The School For Scandal (1923)
A surprising British feature film released in 1923 was Bertram Phillips’ The School For Scandal starring Queenie Thomas based on a well-known British stage play by Richard Sheridan.
When it was announced that Bertram Phillips was to film an adaptation of Richard Brinsley Sheridan’s amusing comedy of manners, some said he had courage and enterprise others audacity and impudence. One critic decided that in selecting the subject he should be accused of having pluck rather than nerve. It was agreed that it was not an easy play to transfer to the screen since it had an intricate plot and was concerned with manners and conversation and not action.
The original stage production was launched in 1777 at the Drury Lane Theatre and had been hugely popular and successful being revived more than 70 times before it was adapted for the screen. The story was regarded as a perfect picture of the period and considered by some to be the greatest comedy of manners in the English language with a deep insight in human nature.
Bertram Phillips was a well-known character in the film trade who emerged as MD of the Holmfirth Producing Company formed in October 1915. Holmfirth leased Cherry Kearton’s studio at Cranmer Court, Clapham the following year, that had one dark stage 45 x 30 ft and was under a railway bridge. Here, Phillips produced a number of moderately long dramas toward the end of the war that featured his leading lady Queenie Thomas (a Welsh actress and singer) the last of which was Meg O’the Woods (February 1918). Thereafter, Phillips joined Butcher’s Film Service as producer for a short while. In 1919 Phillips acquired a mansion type studio at Thornton House, Clapham Park and made plans for further production, but when Queenie Thomas married in late 1919 production plans fizzled out.
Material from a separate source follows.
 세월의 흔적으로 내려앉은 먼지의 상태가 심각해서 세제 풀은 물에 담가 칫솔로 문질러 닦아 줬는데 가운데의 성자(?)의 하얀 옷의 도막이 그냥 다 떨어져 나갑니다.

Early in 1923 Queenie Thomas made a comeback under Bertram Phillips once again and appeared in series of short comedies called Syncopated Picture Plays before appearing in a series of longer films with better casts including two with the young actor John Stuart (Alley of the Golden Hearts and Her Redemption). The production team included Percy Anthony as photographer and the famous illustrator and poster artist E.P. Kinsella as art director (he had already produced films and wrote some screenplays). The first of these films was The School For Scandal filmed at Thornton House. It was distributed by Butcher’s Film Services and given a trade show in September 1923 and became one of the films selected for British Film Week in early 1924.
The story started with Sir Peter Teazle (Frank Stanmore), a courtly though crusty gentleman bachelor of the old school, taking a young and charming girl as his wife (Queenie Thomas). Fresh from a country manor and unused to the artificialities of society she is keenly anxious to be considered ‘smart’.
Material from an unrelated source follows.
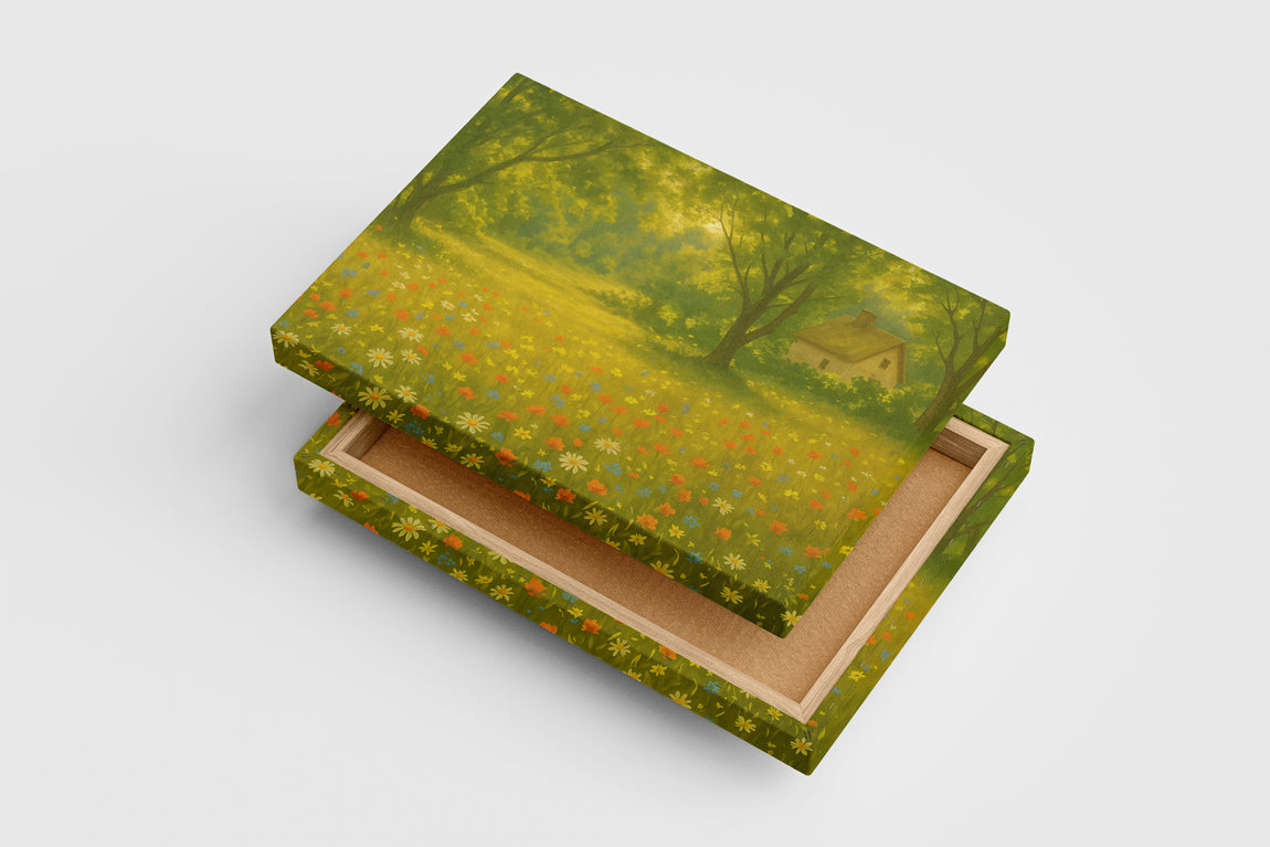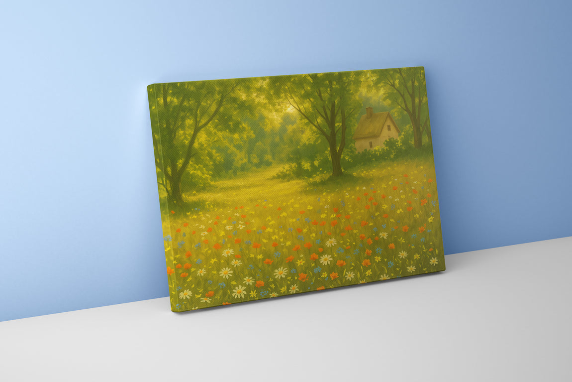 Doğanın huzur dolu atmosferini evinize taşıyan bu baskı, küçük bir kulübe ve etrafını saran çiçeklerin zarif detaylarını yansıtıyor. Kaliteli kanvas yüzeyde yüksek çözünürlükte gerçekleştirilen baskı, uzun ömürlü renkler ve netlik sunar. Yaşam alanınıza sıcaklık ve dinginlik katarken, doğa tutkunları için ideal bir dekorasyon seçeneği olmayı vaat eder.

The wonderful gallery of scandal-mongers – Lady Sneerwell (Elsie French), Mrs Candour (Mary Brough), Sir Benjamin Backbite (Richard Turner) and their circle – like to think themselves select and find their chief delight is discussing the morals of others. These gossips try to teach Lady Teazle the ethics of their school of thought and try to persuade her that every married lady, in order to be considered really fashionable must engaged in a secret, although harmless, love affair.
Lady Teazle is dazzled by their flattery and attention and because she does not want to be considered unsophisticated, reluctantly accepts the attentions of the sauve and polished Joseph Surface (Basil Rathbone in one of his very early film appearances).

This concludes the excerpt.